KAYAHAN’ın bu şarkısını hatırlamama neden olan şey, savcıların Diyanet’e sorduğu soru oldu: Yemin bozulabilir mi?
Bazı Fetullahçılar ifadeleri sırasında “Yemin ettik, konuşursak çarpılırız” deyince savcılar durumu Diyanet’e sordular. Diyanet de “Böyle yeminler geçersizdir” diye fetva verdi.
Osmanlı’da siyasi duruma göre fetva veren şeyhülislamlar vardı, şimdi de Diyanet var.

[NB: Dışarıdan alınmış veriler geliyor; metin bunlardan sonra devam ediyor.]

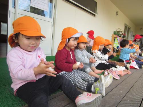 | | こんなにまーるくできたよ。 | 小っちゃくてもコロコロすれば丸くなるんだよ | 2歳児さんのもちつき! つくより、こねこねがたのしそうです。 |

Hukukçular tabii savcıların bu tutumuna tepkili. Prof. Dr. Metin Feyzioğlu “Diyanet ‘Çarpılırlar’ deseydi ifade vermeyecekler miydi” diye soruyor.
Gereksiz bir soru. Çünkü bu soruyu soran savcı da aslında ifadesini almaya çalıştığı kişiyle aynı zihniyette.
Sadece oturdukları sandalyeler farklı. Savcı da belli ki yemin bozulursa bir şeylerin kendisini çarpacağını düşünüyor.
Oysa etraflarına bir baksalar, yeminine uymayan bu kadar makam sahibi insan var, çarpılmadıkları gibi maşallah keyifleri de yerinde.
Diyanet’in yemin konusundaki yaklaşımını daha açıklayıcı hale getirmesinde de yarar var.
Hangi yeminleri sonradan bozabilirsiniz, hangilerini bozarsanız çarpılırsınız gibi!
Bu kritik bir konu belli ki ve vatandaşların bunu öğrenmeye hem hakları hem ihtiyaçları var.